TASK ITEM: For this exercise, copy exactly every line from the one holding "Jerseyanyag Digital - Leopárd" through the end of the data, both included. Omit pictures.

Items from a data source:
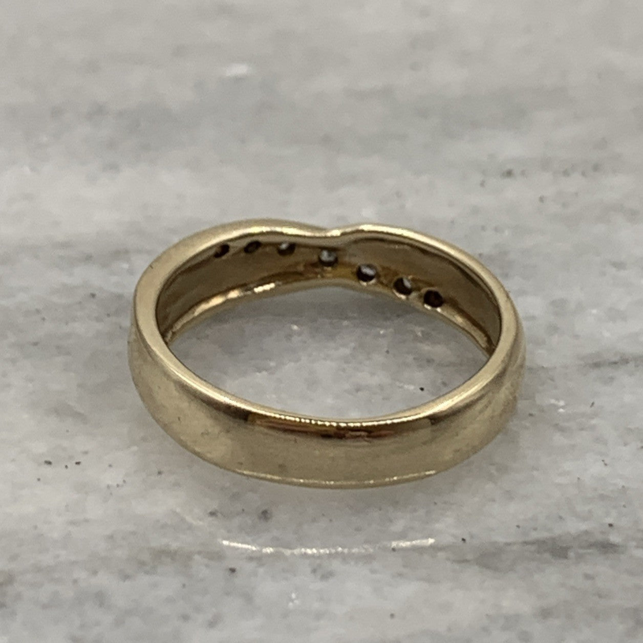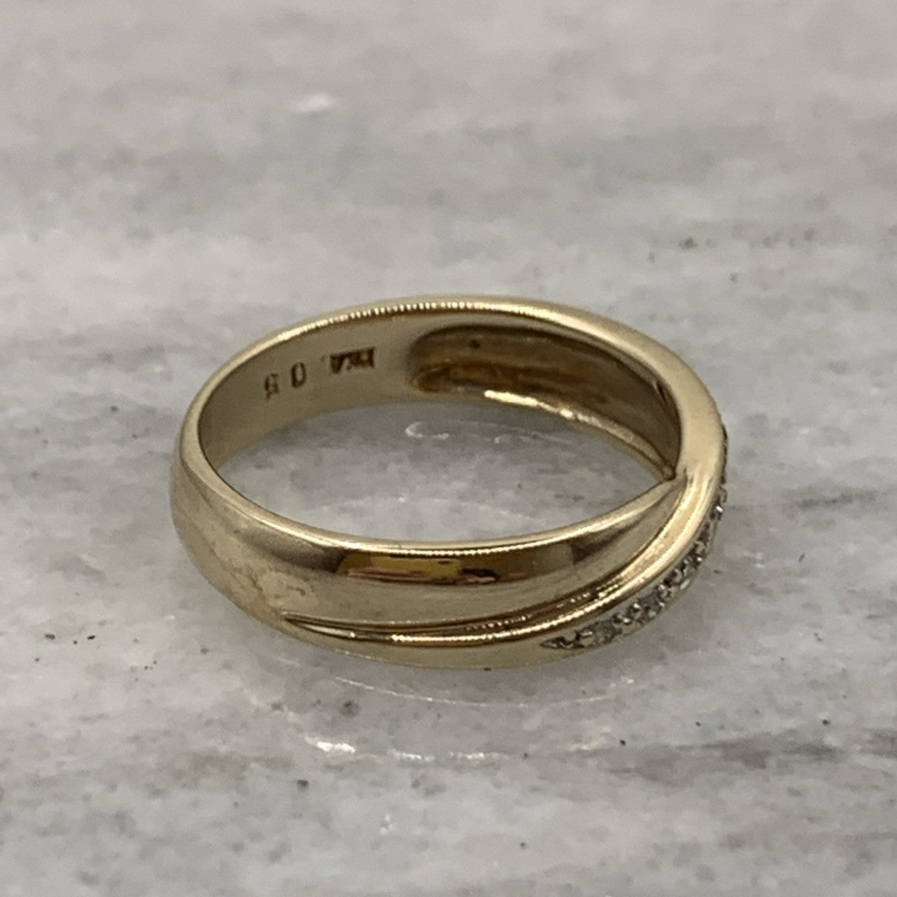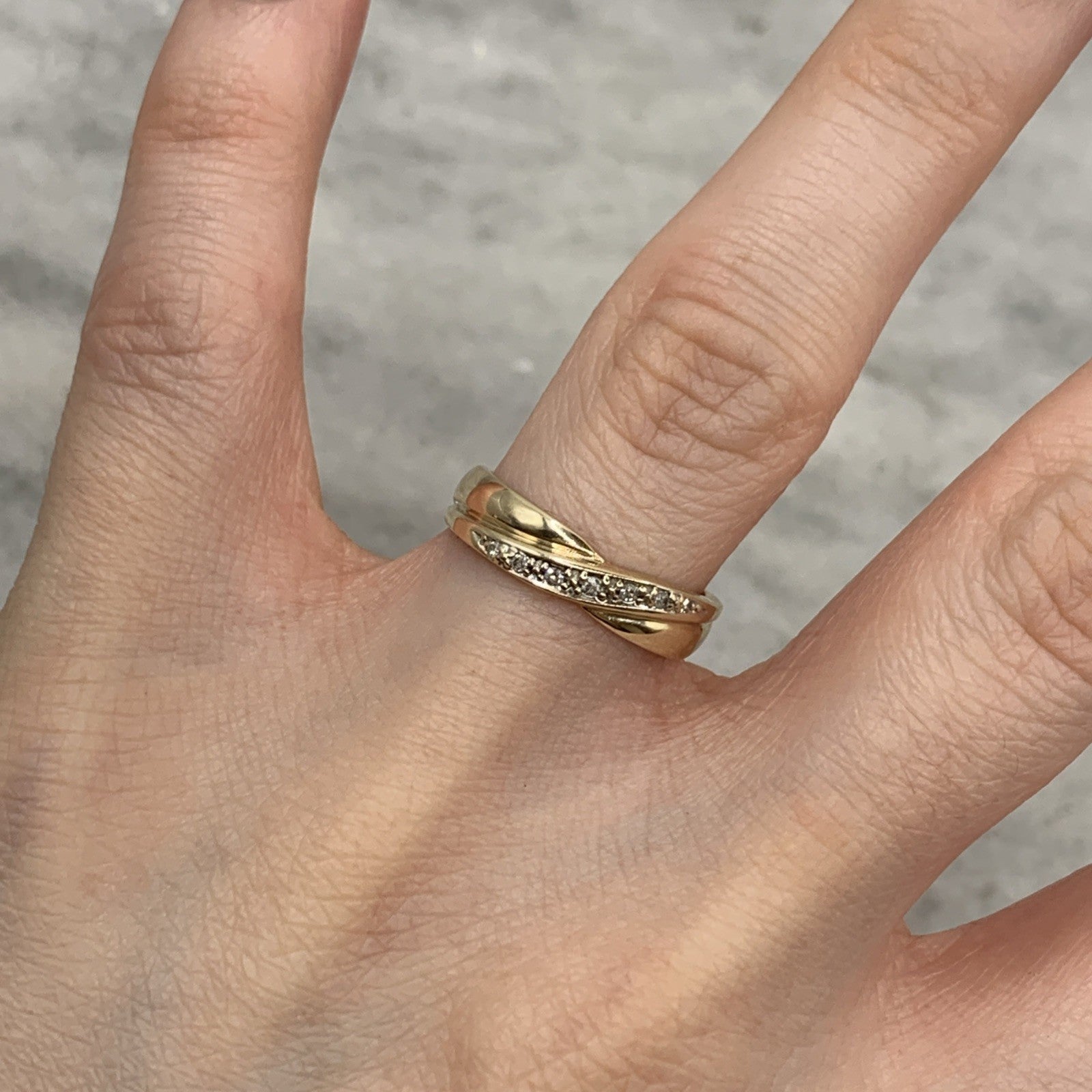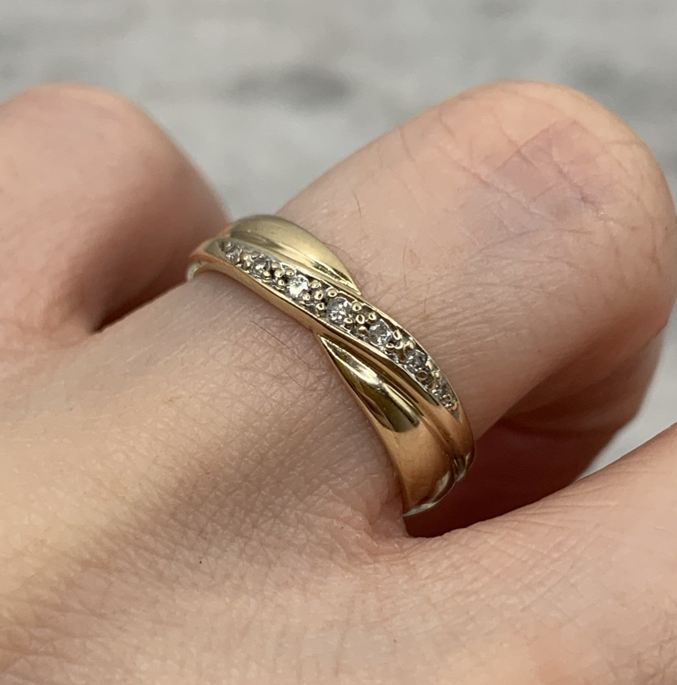 A stunning gold crossover style band ring featuring a row of petite diamonds.
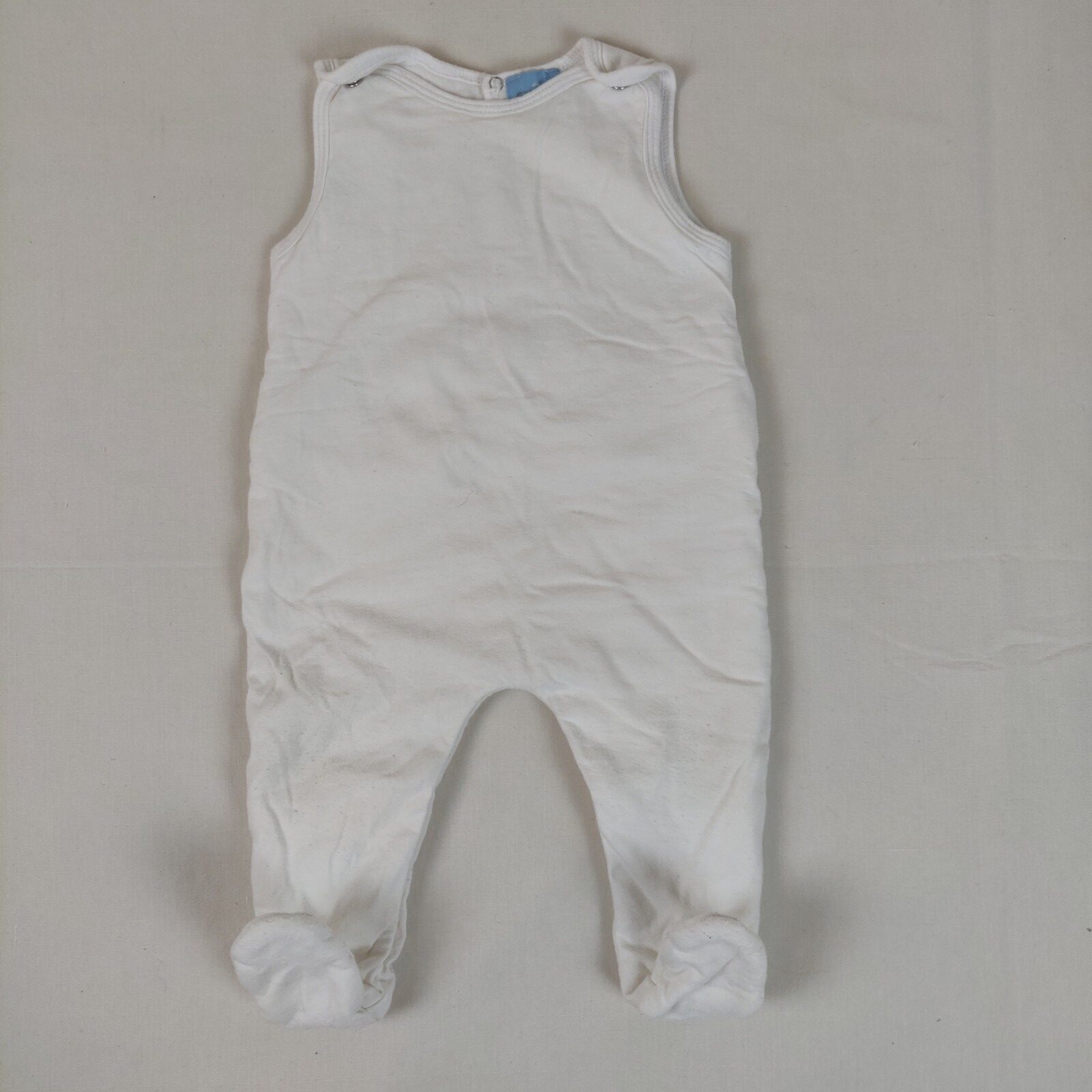 Autres commentaires : Combinaison longue à pieds et à bretelles s’attachant par une pression – blanc. Ouverture pressionnée au dos. Léger effet pelucheux.
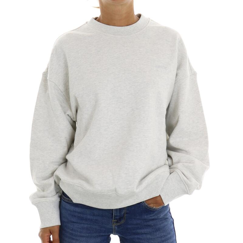 Felpa girocollo, spalla calata, manica ampia con polsini, balza in fondo, logo ricamato. Vestibilità relaxed.
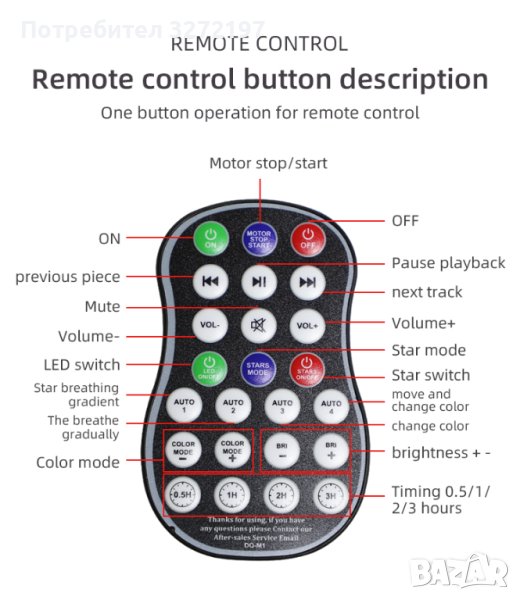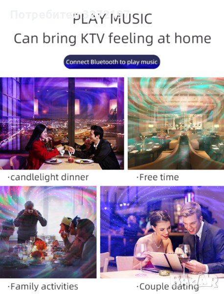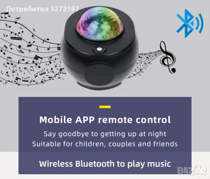 Поддръжка за свързване на проектора към вашия телефон чрез Bluetooth, за да възпроизвеждате любимата си музика. Висококачествената музика и ефектът на галактика черна дупка създават романтична и успокояваща атмосфера в нощната стая. Регулируем обем.
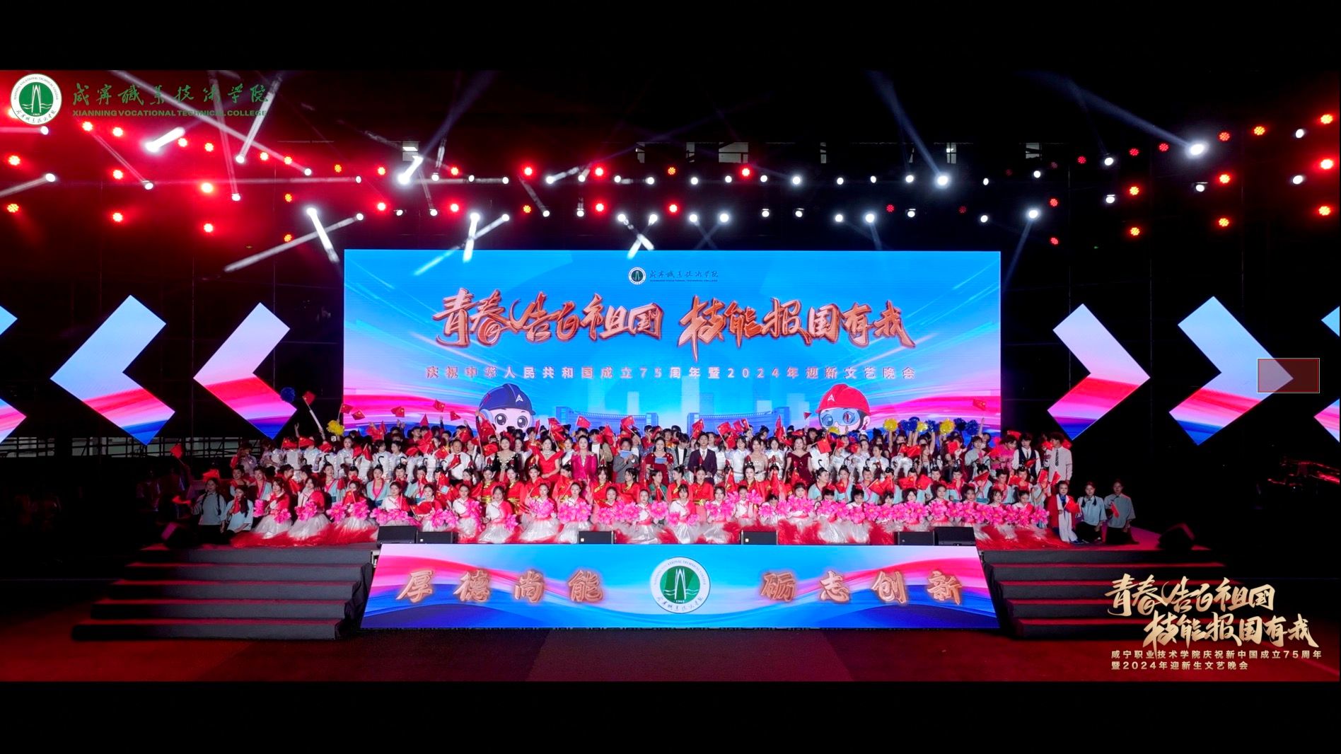 9月28日晚,“青春告白祖国 技能报国有我”77779193永利官网庆祝中华人民共和国成立75周年暨2024年迎新生文艺晚会在田径运动场举行,2024级全体新生共同观看晚会。
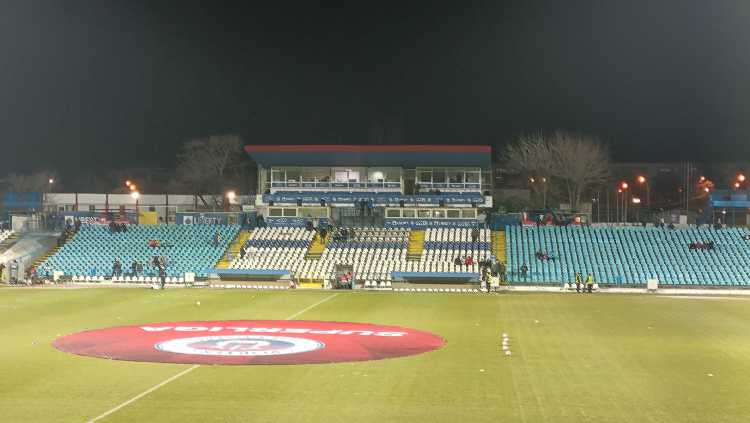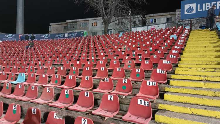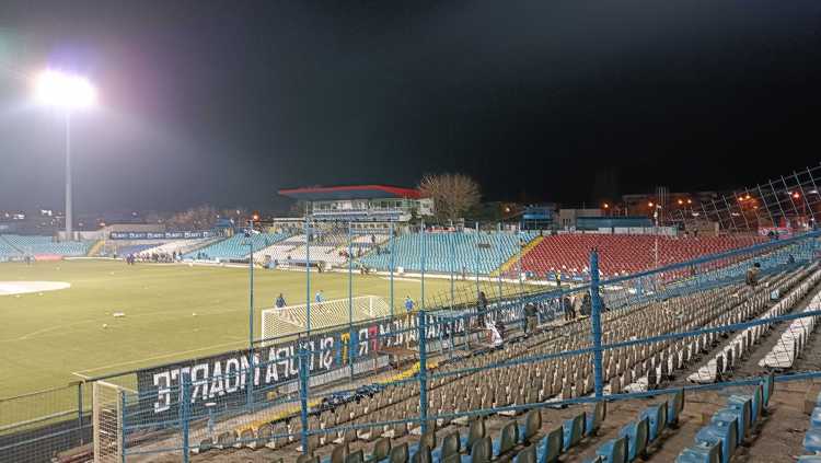 |  | | Trybuna zachodnia - tak, ten budynek w centralnym miejscu to jedyne zadaszenie występujące na stadionie | |
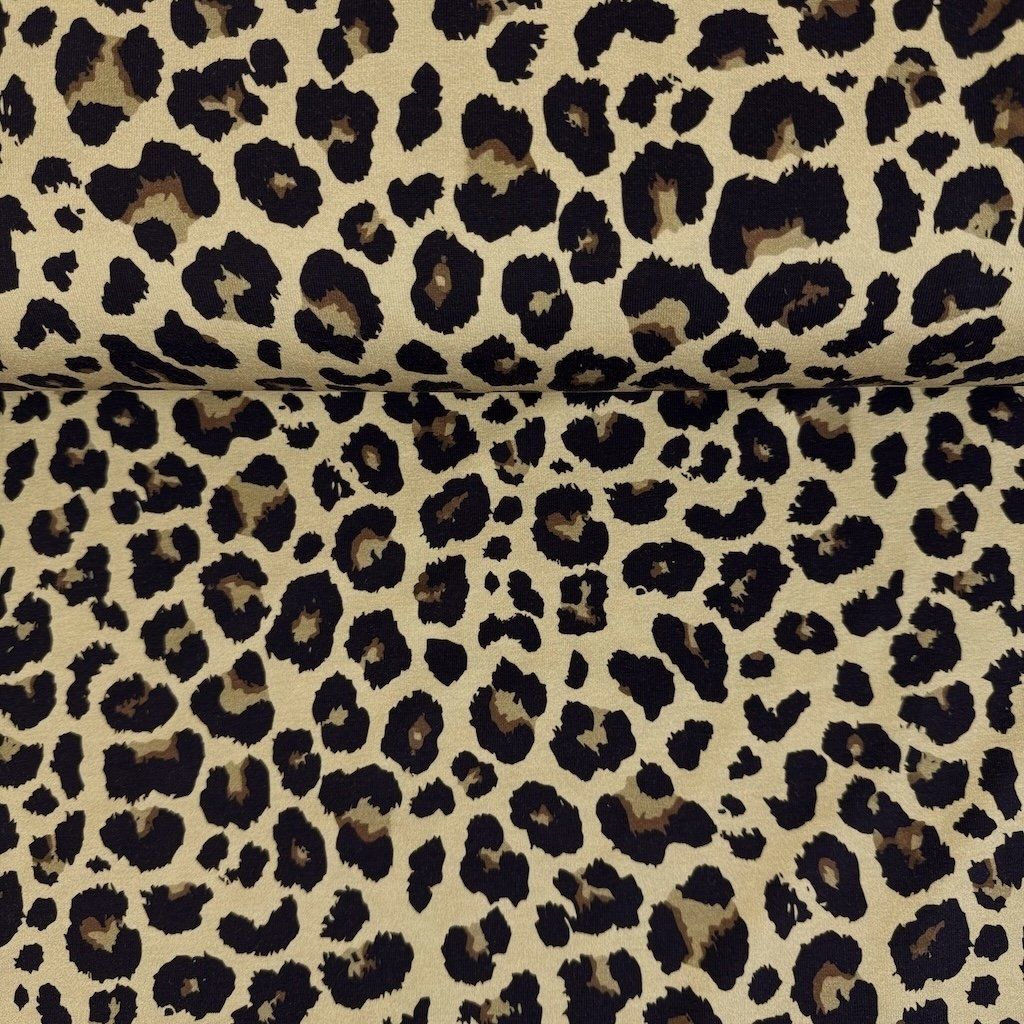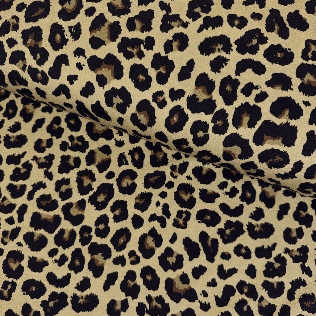 Jerseyanyag Digital - Leopárd a khaki színben
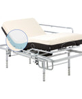 - Altura ajustável: Personalize a cama articulada conforme as suas necessidades com pés fixos de 25 cm ou pés reguláveis em 4 alturas (38–53 cm), facilitando tanto o acesso do paciente como o trabalho do cuidador.
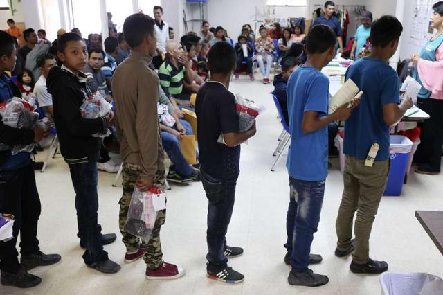 Upon arriving, Central American children line up to eat as their parents seek help at the Catholic Charities of the Rio Grande Valley's Humanitarian Respite Center in McAllen, Texas, Wednesday, May 9, 2018.
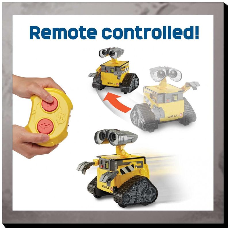 Alimentando o jogo imaginativo, esta unidade WALLE com controle remoto pode avançar e recuar com um giro em j para mudar de direção usando o controle remoto de 2 botões.
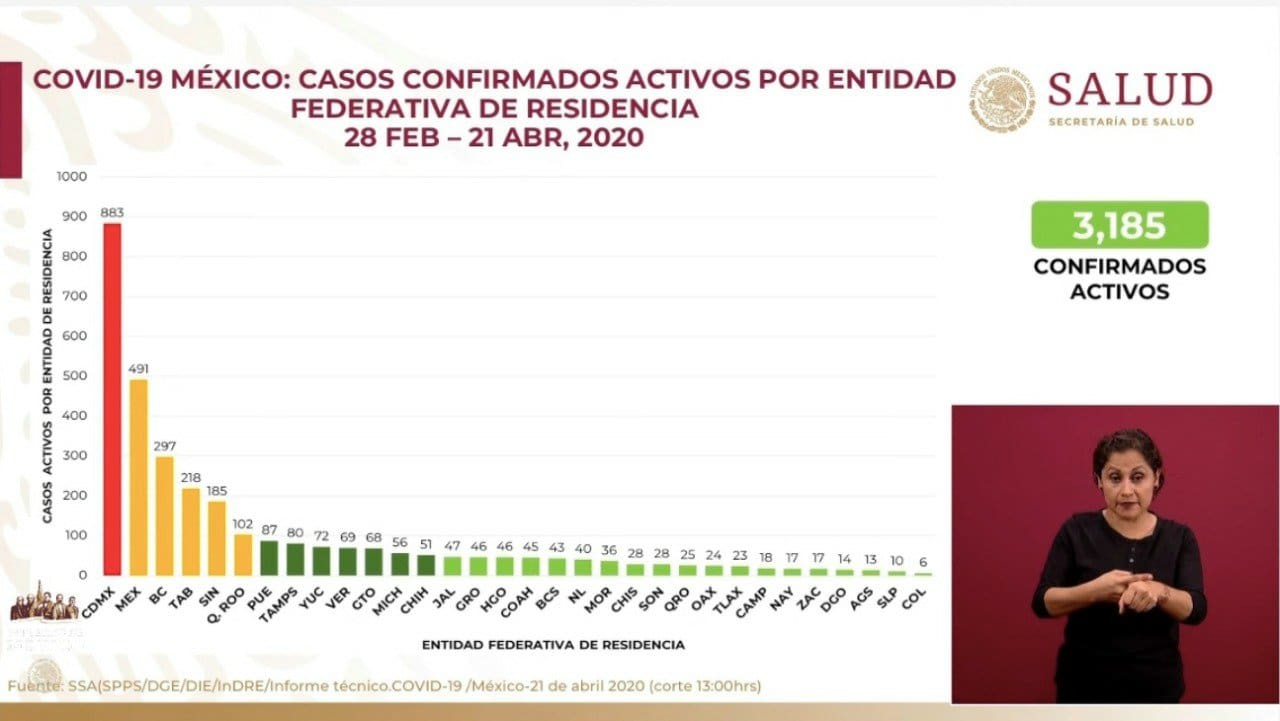 José Luis Alomía presentó la distribución de los casos confirmados activos por entidad federativa de residencia; destaca la CDMX con 883 casos.

SOLVED PROBLEM:
 Jerseyanyag Digital - Leopárd a khaki színben
 - Altura ajustável: Personalize a cama articulada conforme as suas necessidades com pés fixos de 25 cm ou pés reguláveis em 4 alturas (38–53 cm), facilitando tanto o acesso do paciente como o trabalho do cuidador.
 Upon arriving, Central American children line up to eat as their parents seek help at the Catholic Charities of the Rio Grande Valley's Humanitarian Respite Center in McAllen, Texas, Wednesday, May 9, 2018.
 Alimentando o jogo imaginativo, esta unidade WALLE com controle remoto pode avançar e recuar com um giro em j para mudar de direção usando o controle remoto de 2 botões.
 José Luis Alomía presentó la distribución de los casos confirmados activos por entidad federativa de residencia; destaca la CDMX con 883 casos.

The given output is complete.